Jamie Coots, a Pentecostal church pastor and star of National Geographic’s reality show “Snake Salvation,” died Saturday night in his Kentucky home after being bitten on his right hand by one of his snakes.
The Middlesboro Police Department told WBIR that Coots was found dead in his home around 10 p.m. Saturday night after leaving his Middlesboro, K.Y., church, the Full Gospel Tabernacle in Jesus' Name, where he suffered a bite from a venomous snake during an evening church service.
Multiple sources report that when an ambulance crew and firefighters showed up at the pastor’s residence, Coots refused to be taken to the hospital for treatment of the snake bite. Coots was a member of a Pentecostal church whose followers practice snake handling and believe in faith healing.
During an episode of “Snake Salvation,” Coots, who comes from a long line of snake handlers, said that he believed a passage in the Bible suggests that church members cannot be harmed by venomous snakebites as long as they were anointed by God, according to CNN. The passage comes from the book of Mark, chapter 16.
“And these signs shall follow them that believe; In my name shall they cast out devils; they shall speak with new tongues. They shall take up serpents; and if they drink any deadly thing, it shall not hurt them; they shall lay hands on the sick, and they shall recover,” the passage reads.

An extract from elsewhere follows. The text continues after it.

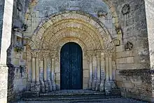 L'érosion est assez important et il est difficile d'identifier toutes les activités. On voit 28 personnages se livrant à des occupations agricoles, parfois accompagnées d'animaux. Sur la clef de l'arc on trouve une représentation des quatre évangélistes (le Tétramorphe). L'archivolte externe contient deux files de personnages convergentes, qui se tiennent par les mains.
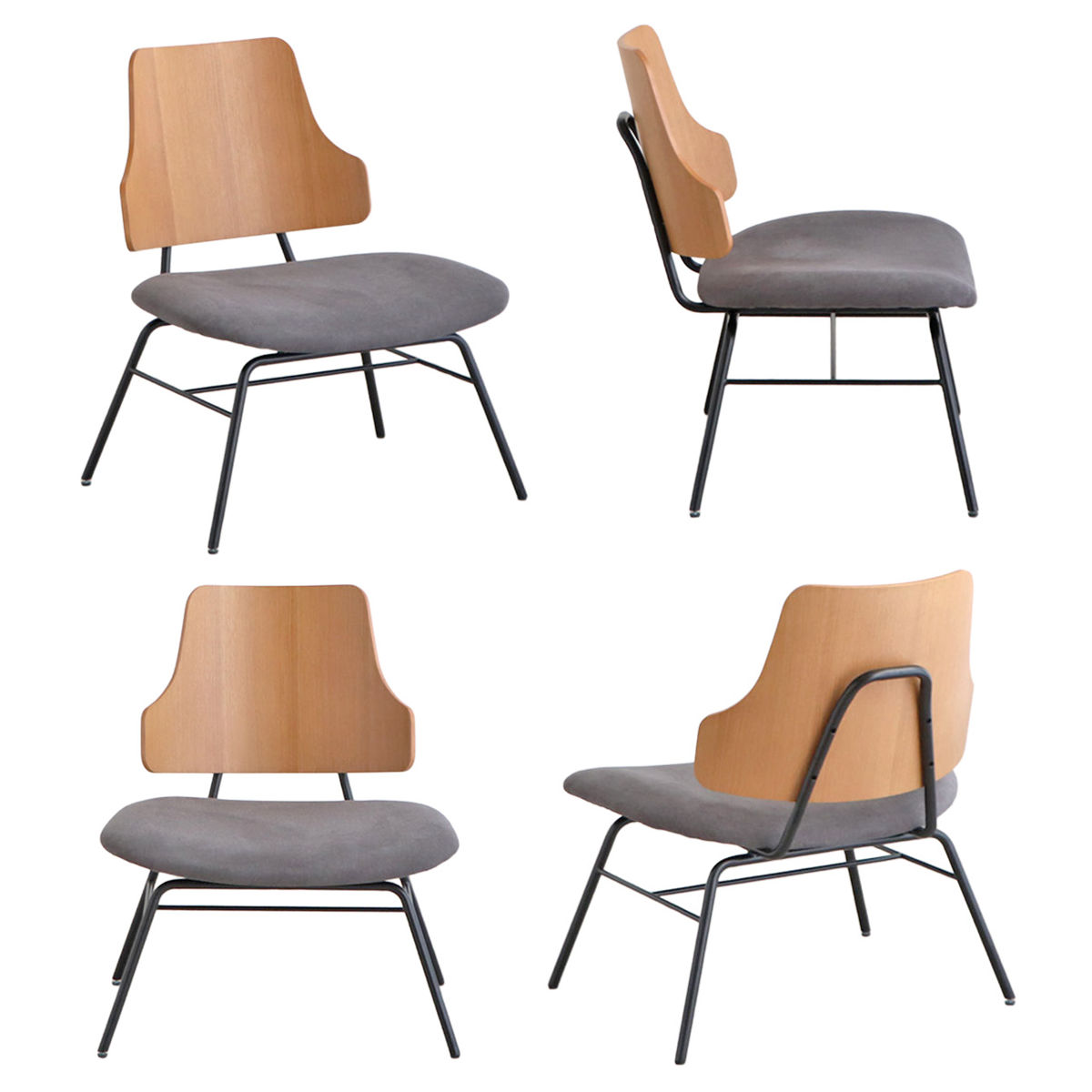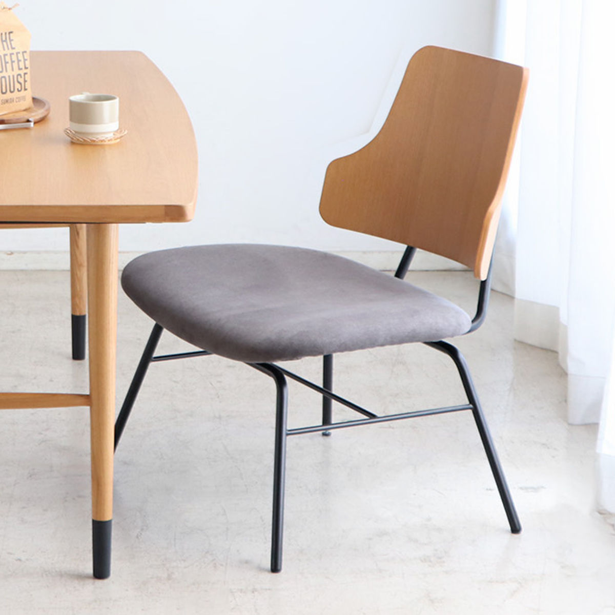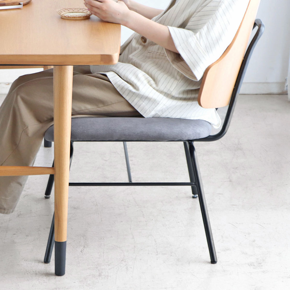 背もたれには、天然木の風合いを活かしたアッシュ材突板を使用。異素材のスチール脚と組み合わせることで、温かみの中に程よいモダンさをプラスしたデザインです。

In 2013, National Geographic approached Coots and another Pentecostal pastor, Andrew Hamblin of the Tabernacle Church of God in LaFollette, Tenn., to start filming a reality series featuring modern snake handlers. Producers wrapped up filming last year, and didn’t intend to film a second season, according to TMZ.
“In the hills of Appalachia, Pentecostal pastors Jamie Coots and Andrew Hamblin struggle to keep an over-100-year-old tradition alive: the practice of handling deadly snakes in church,” a description of the show states. “Jamie and Andrew believe in a Bible passage that suggests a poisonous snakebite will not harm them as long as they are anointed by God’s power. If they don’t practice the ritual of snake handling, they believe they are destined for hell.”
Coots and Hamblin spent time searching the mountains for deadly snakes to add to their churches’ snake collections. But the practice has, on several occasions, landed the pastors in hot water with the law.
In 2008 Coots was arrested for keeping 74 snakes in his home. Nine other people were arrested as part of an undercover sting operation to seize venomous snakes in Kentucky. Last year, the pastor was given one year of probation for crossing into Tennessee with venomous snakes. Snake handling is illegal in most states, including Kentucky.
Saturday’s incident wasn’t the first time Coots has been bitten by one of the snakes he has handled. According to the Lexington Herald-Leader, Coots nearly died in the early 1990s after suffering a bite from a large rattlesnake on his left arm. Then, in 1998, another rattlesnake bit Coots on his middle finger.
“I lost this finger to a serpent bite,” Coots would later say during filming of “Snake Salvation.” “The finger rotted, there was a quarter inch of bone exposed. The finger broke off.”
As was the case in Saturday’s snake-bite incident, Coots refused to be treated for previous bites as well.
“I never sought medical attention, because when I first started in church I said if I ever went to a hospital or a doctor for a snake bite I would quit church,” he told National Geographic during filming in 2013.
''We're just normal people living day to day like everybody else, most of us living hand to mouth, but what we believe, we believe, and we practice it,” Coots said in 1998, according to the Lexington Herald-Leader.